Why does the State Department block the publication of the congressional investigation of Palestinian texts taught in schools run by the United Nations? That is the question two years after the chairman of the Senate’s Near East subcommitee, James Risch, asked Congress’s Government Accountability Office to look at the schoolbooks now used by the United Nations Relief and Works Agency.
Senator Risch ordered the study after Idaho constituents introduced him to the findings of the Center for Near East Policy Research, which purchases, translates and evaluates all schoolbooks that Palestinian Arab children learn in all UNRWA schools. The project is financed in part by the Simon Wiesenthal Center and published by the Meir Amit Intelligence and Terrorism Information Center.
UNRWA is an American issue because, among other reasons, America is the agency’s largest funder, donating 30% of the $1.2 billion UNRWA budget. Some 54% of the UNRWA budget is allocated to UNRWA education.
The GAO completed its comprehensive report on UNRWA education at the end of April. Sources at the GAO confirm that the GAO study documents that Palestinian Authority school books used by UNRWA work against peace and reconciliation, and insert war indoctrination throughout the PA school books.
However, on May 3, the director of public affairs of the GAO, Chuck Young, issued a statement that the State Dept not allow the report to be released to the US Congress which had ordered the report in order to provide a guide to further US funding of UNRWA.
Why? Mr. Young referred that question to the State Department.
I wrote to America’s Ambassador to Israel, David Friedman. No answer. I wrote to the new Secretary of State, Michael Pompeo. No answer. I flew to New York and met with the staff of Ambassador Nikki Haley at the United Nations. No answer.
A perfunctory answer emanated from an official of State Department, who referred the question to the GAO. The GAO repeated that this was a US State Department decision, not theirs.
So the decision obtains. The GAO report on UNRWA education is officially blocked from the press, the Congress, and even from the Trump administration.
Why would the State Department not want to disclose what half a million students study in UNRWA schools that America itself funds?
After all, these schoolbooks reach half a million UNRWA students and are publicly disseminated. The books all appear on the internet.
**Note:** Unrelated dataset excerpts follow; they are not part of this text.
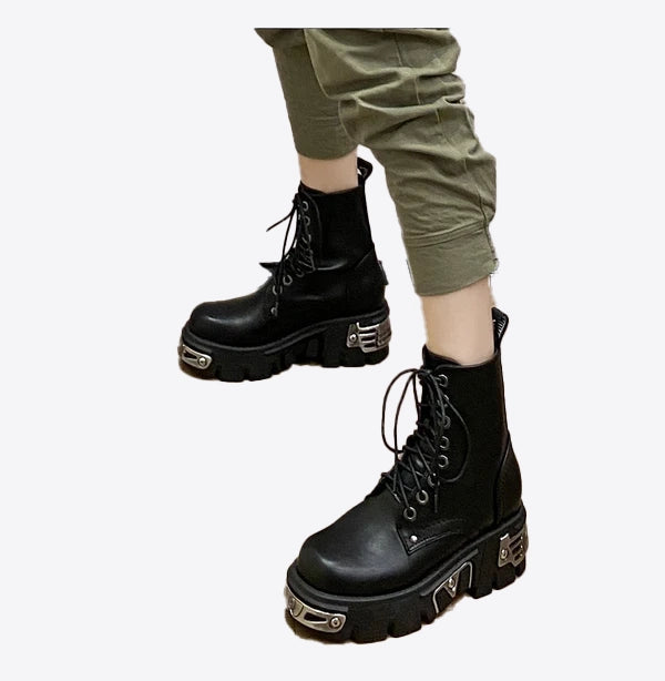 - Inspirowany gotykiem design z misternymi detalami, takimi jak ćwieki, sznurowane akcenty i ciemne kolory.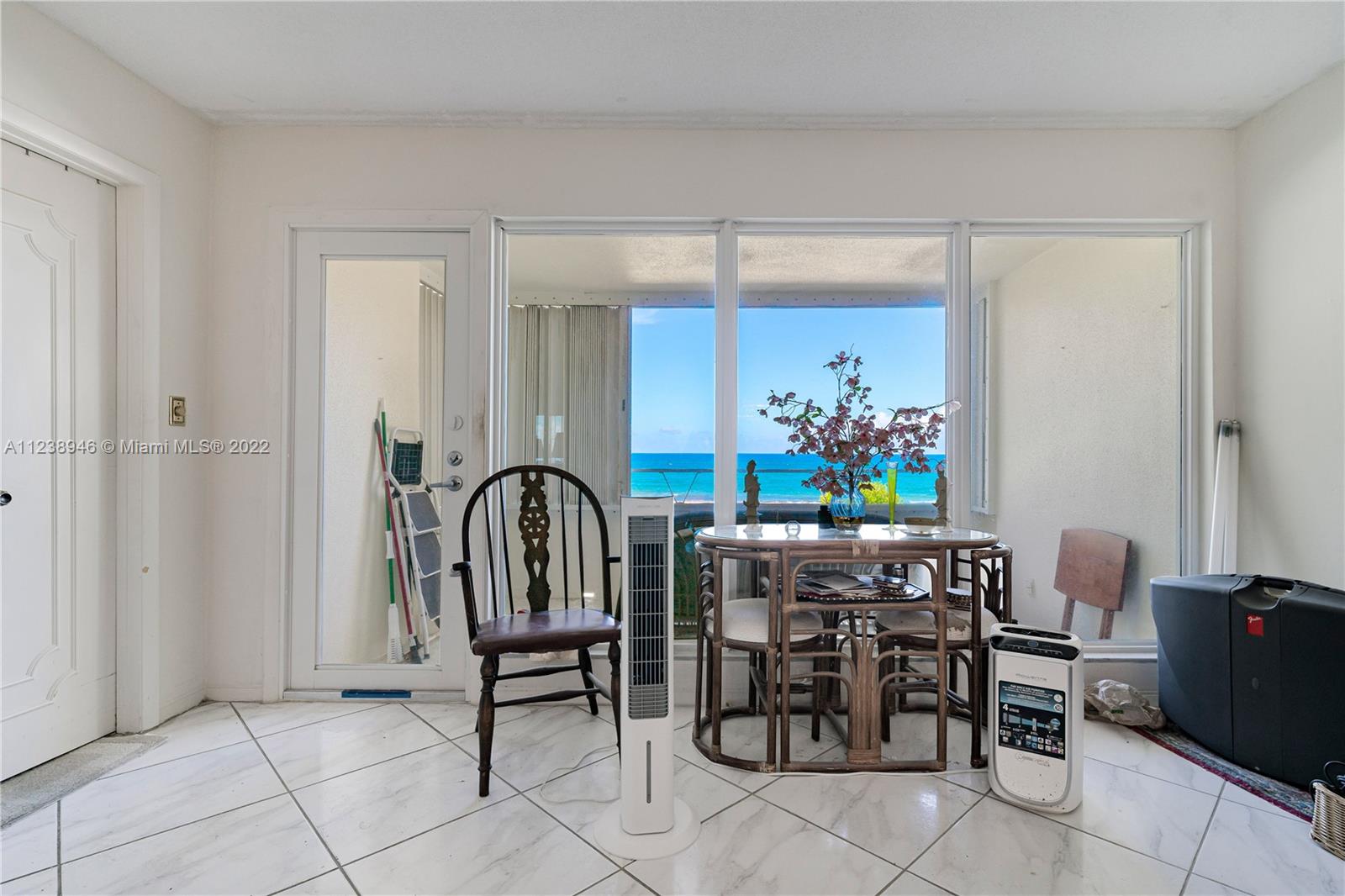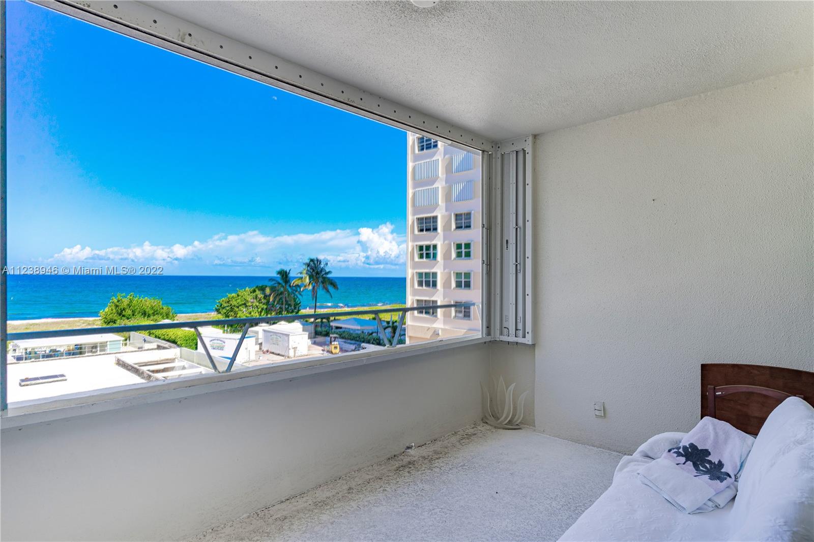 MOTIVATED SELLER, MUST SELL. Direct ocean view as soon as you walk through the doors of this 2 bedrooms 2 baths apartment. Space is ready to be upgraded to your taste. All hurricane impact glass throughout. Oceanfront building with direct beach access, oceanfront pool, bbq area, common laundry room on each floor, and secured attended lobby. Covered assigned carport space #49. Detached storage space room. Building is conveniently located close to supermarkets, and restaurants. Monthly association fee is $1,132 which includes monthly maintenance ($608), cable, building insurance, land lease fee, and property taxes. See budget attached for breakdown. There is a land lease in place until 2063.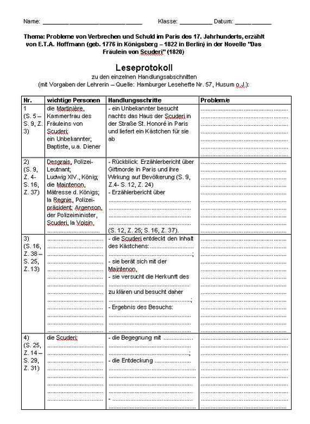 Kopiervorlage für ein Leseprotokoll zu "Das Fräulein von Scuderi"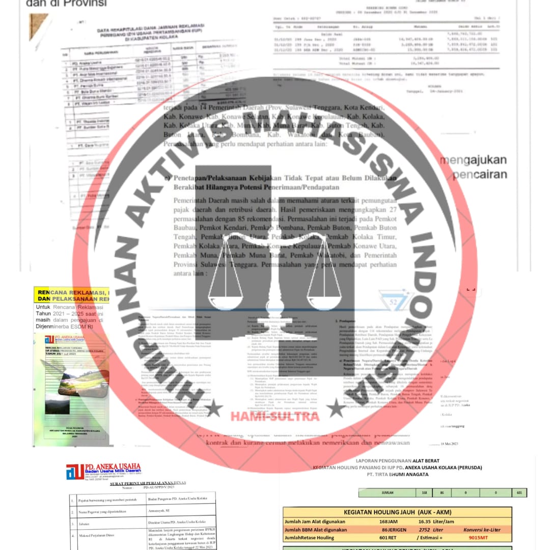 Selain itu, HAMI Sultra mendesak Kementerian ESDM melalui Ditjen Minerba untuk segera mencabut IUP/IUPK serta membekukan RKAB PD Aneka Usaha Kolaka yang hingga kini masih melakukan aktivitas produksi dan penjualan, meskipun sanksi administratif belum dipenuhi.

Why should the content of UNRWA school books not be disclosed?
Publication of such a GAO report would make it difficult for the government to maintain its policy that the nascent Palestinian Authority constitutes a bona fide peace partner. Perhaps that is the reason that education is not being mentioned in the reports that have surfaced concerning the new American peace initiative.
Rabbi Abraham Cooper of the Simon Wiesenthal Center, issued a statement about the refusal of the State Department to disclose the GAO investigation of UNRWA education. “We urge this decision be reversed,” he said. “UNRWA needs refordm. Even UN Secretary General Guterres said so. The idea that a study about what the Palestinians teach their children in textbooks should be withheld from the public is unconscionable and unacceptable. When textbooks reflect a rejection of the reality of Israel and the legitimacy of Israel as a neighbor, we will see another generation offered up by their leaders as cannon fodder and unable to accept a peace offer.”